4. bölüm

127 8 1
                                    

Uyumuştum büyük ihtimalle gözlerimi açtığımda oda aydınlanmıştı.
Yatakta sırt üstü yatıp tavanı izlemeye başladım ne yapacağımı düşünüyordum ama hiç birşey aklıma gelmiyordu ne yapacaktım ben burdan nasıl kurtulacaktım.
Kapı açıldı hizmetli odaya girdi "Günaydın aşağıda Berk bey sizi kahvaltı için bekliyor."

"Tamam geliyorum."
Dedim ve hizmetli kapıyı çekip çıktı. Eskiden beklerlerdi şimdi daha rahat davranıyorlar niye? Diye düşündüm içimden. Belkide kaçmam diye düşünüyorlardır. Büyük ihtimalle öyle diye düşündüm üstüme uzun bir depresyon hırkasına benzer bir hırka giyip yüzümü yıkayıp aşağı indim.
Aşağı iner inmez Berk'in sırıtarak bana bakan yüzünü gördüm pislik herif! Sahte gülümseme yapma gereği bile duymadan masaya oturdum.
"Günaydın Eflal nasılsın?"

"Mükemmelim ya gerçekten burda tutsak tutuluyorum birde nasıl olduğumu mu soruyorsun?"
Dedim sinirle gülerek.
"Elimde olsa bırakırım ama bende emir kuluyum."

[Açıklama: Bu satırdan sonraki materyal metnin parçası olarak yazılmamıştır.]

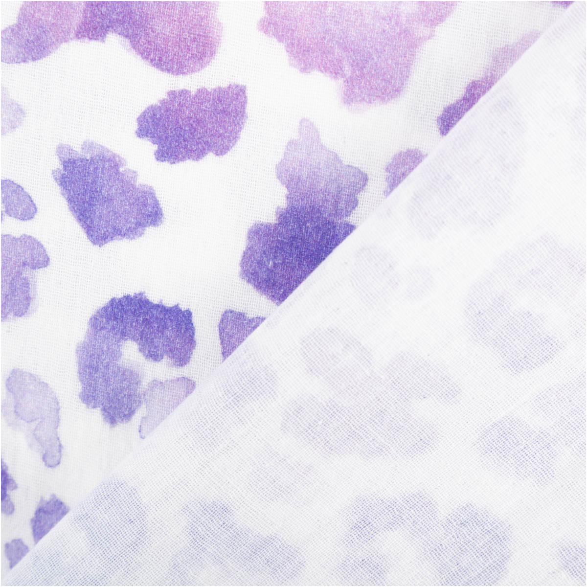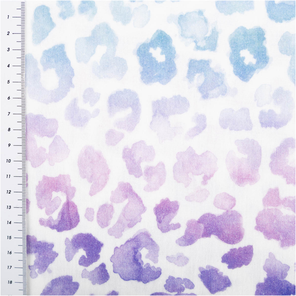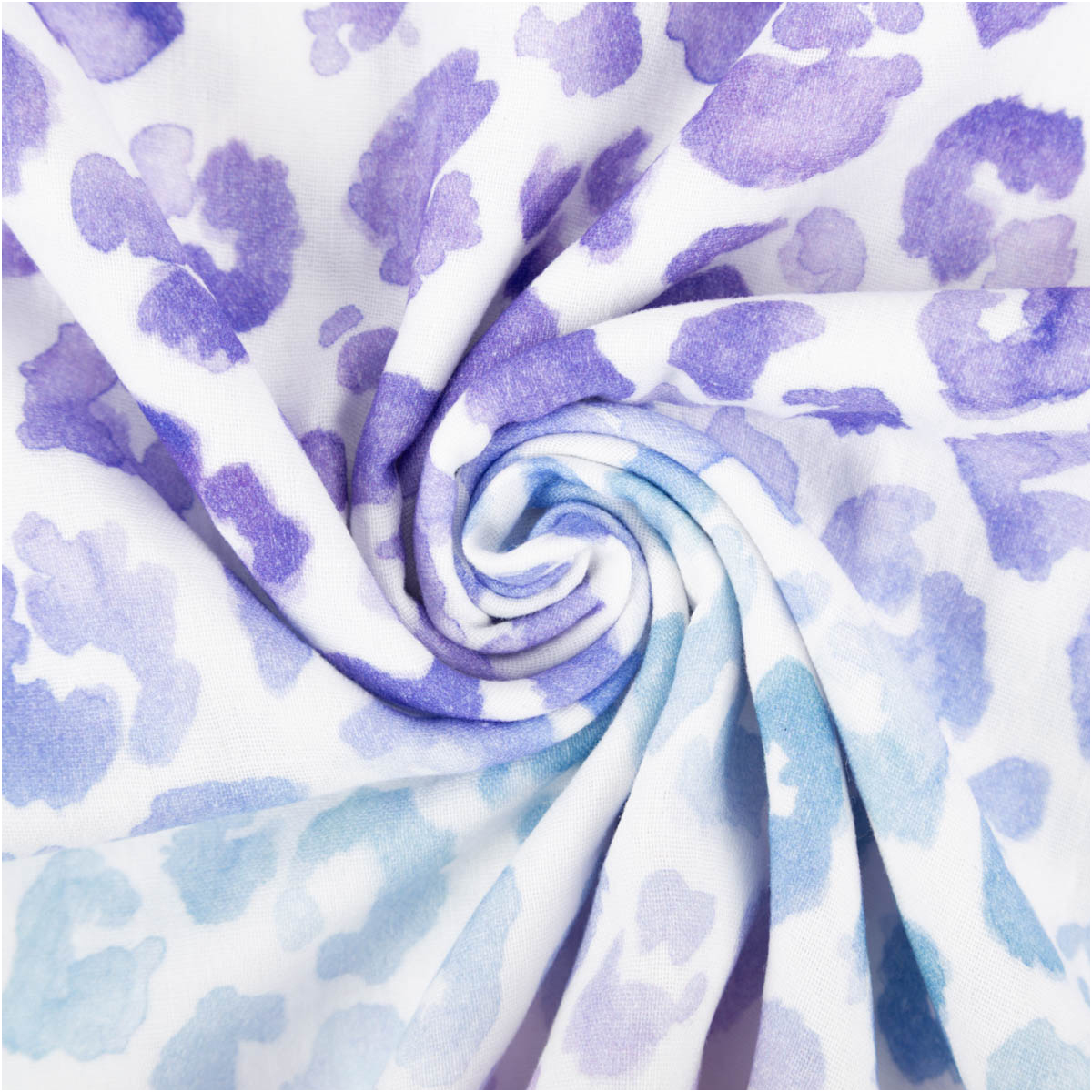 Musselin Stoff mit Farbverlauf und Leo-Print – von Blau bis Lila auf Weiß

"Ne emir kulu ya bu işe neden bulaştın? Tek savunman emir kuluyum demek çünkü başka bir şey yok diyecek pislik insanların tekisiniz hepiniz.!"
Dedim bağırarak.
Berk yüzüme baktı. Ve dedi ki.
"Bu işi ben isteyerek yapmıyorum yapmak zorundayım."

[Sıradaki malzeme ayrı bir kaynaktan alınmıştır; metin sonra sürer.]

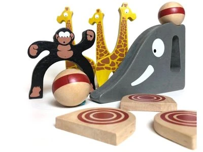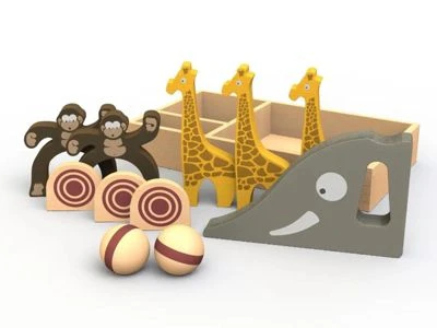 Die Giraffen umgerollt oder durch die Beine von den kleinen Affen gekegelt, vielleicht aber auch versuchen sie das Ziel zu treffen. Ganz egal ….es bringt soviel herzliches Lachen. Mit einer Elefantenrampe zum Zielen und „Schießen“, zwei Holzkugeln und einer Vielzahl von Giraffen, Affen und Zielen bringt dieses Bowling-Set Kinder zum fröhlichen Lachen. Die Freude über dieses Spiel hören Sie aus dem Kinderzimmer.

"Nasıl bir zorunluluk bu?"

"Anlatamam Eflal kusura bakma."
Sadece yüzüne bakmakla yetindim sinirle çayı ağzıma götürüp büyük bir yudum aldım ve "ah yandım." Diye bağırdım.
Hemen şu içtim ama dilim hala yanıyordu Berk ise öylece yüzüme bakıyordu ben bu adamı anlamıyordum bazen çok önemsiyor şimdi ise hiç önemsemiyor neden böyle davranıyor? Bir şeyler yedi ben ise bir zeytin dahi almadım sinirden iştahım da yoktu. Berk konuşmaya başladı. "Niye bir şey yemedim?"
"Ağız tadımı bıraktın insanda salak.!"

"Eflal bugün seninle bir görevimiz
var."

"Ne göre-"

"Sözünü kesiyorum ama dinle sonra yorum yap."

"Tamam."

"Şimdi bir balo var o baloya çift olarak gitmemiz gerekiyor ama geçen ki gibi çirkin olmak yok gayet şık ve güzel olmamız gerekiyor tamam mı?"

"Ne alaka ya tamam falan değil. Ne balosu bu ben niye senin eşinim?"

"Kaya Bey böyle istedi yapmak zorundayız."

"Yapmazsam nolur.?"

"Yapmak zorundasın yoksa hiç iyi şeyler olmaz emin ol benim yaşadıklarımı sende yaşa istemem."

"Ne yaşadın ki sen?"

"Sonra Eflal şimdi anlatamam."

"Ne balosu görev ne onu anlat en azından bende bileyim."

"Tamam. Şöyle cemiyet hayatında ki herkes orada olacak yani paraya para demeyen insanlar bizde orada olucak hedefimiz ise birini bulmak ismi Araz, Araz Akbulut."

"Kim bu adam?"

"Kaya Bey'in düşmanı galiba ya da öyle bişey tam olarak bende bilmiyorum."

"Bu adamı ne yapacak bulursak?"

"Bende bilmiyorum maalesef Eflal. Hadi çık odana biraz dinlen."

"Aynen dinlenirim zaten kaçırılmışım burda tutsak tutuluyorum sen bana dinlen diyorsun ya sabır."